Amortisationsprognose
Der Arbeitgeber kann mit einer Prognoserechnung prüfen, ob die Fahrkarte bereits bei der Beschaffung insgesamt steuerfrei belassen werden kann (siehe nachfolgend 1. bis 3.).
1. Prognostizierte Vollamortisation durch Fahrten nach § 3 Nr. 13 oder 16 EStG
Die Prognose zum Zeitpunkt der Hingabe der Fahrkarte (z. B. Bahncard 100) kann ergeben, dass
- die Summe aus den ersparten Kosten für Einzelfahrscheine, die ohne Nutzung der Fahrkarte während deren Gültigkeitsdauer für die Fahrten im Rahmen einer Dienstreise (Auswärtstätigkeit) oder wöchentliche Familienheimfahrten bei doppelter Haushaltsführung anfallen würden,
- die Kosten der Fahrkarte erreichen oder übersteigen (prognostizierte Vollamortisation ohne § 3 Nr. 15 EStG). Dann ist die Überlassung der Fahrkarte in voller Höhe als Reisekosten bzw. Kosten für doppelte Haushaltsführung steuerfrei. Die Nutzungsmöglichkeiten darüber hinaus sind unbeachtlich.

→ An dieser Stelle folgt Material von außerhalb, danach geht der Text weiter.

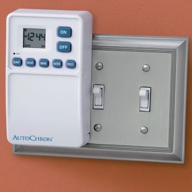 Com o Automatic Wall Switch Timer, é um Timer automático, você pode programar, por exemplo, quando irá desligar a luz, o ventilador … o aparelho se encaixa bem em cima do interruptor de luz e fisicamente move o interruptor para cima e para baixo, nenhuma fiação é necessária, funciona com um par de pilhas AA e tem a capacidade de ser programado para ligar ou desligar até 9 vezes por dia, além de ter comando manual. Disponível no Sky Mall por USD$34,99.

Tritt die prognostizierte Vollamortisierung aus unvorhersehbaren Gründen (z. B. Krankheit oder Verschiebung von Dienstreisen) nicht ein, muss nicht nachversteuert werden.
Ändern sich aber die der Prognose zugrunde liegenden Annahmen grundlegend (z. B. Wechsel vom Außendienst in den Innendienst), muss eine Korrektur und ggf. Nachversteuerung für den noch nicht abgelaufenen Gültigkeitszeitraum erfolgen (BMF, Schreiben vom 15.08.2019, Rz. 15).
Eine solche Prognose hat die Finanzverwaltung bereits in der Vergangenheit bei der Frage zugelassen, ob eine Bahncard (25/50/100) als Reisekosten steuerfrei vom Arbeitgeber erstattet oder zur Verfügung gestellt werden kann (z. B. OFD Frankfurt a. M., Verfügung vom 31.07.2017, Az. S 2334 A ‒ 80 ‒ St 222, Abruf-Nr. 196491, LGP 5/2018, Seite 75, Abruf-Nr. 45140566). Neu ist die Regelung, dass eine neue Prognose für den Rest der Gültigkeitsdauer erforderlich ist, wenn sich die zugrunde liegenden Annahmen grundlegend ändern.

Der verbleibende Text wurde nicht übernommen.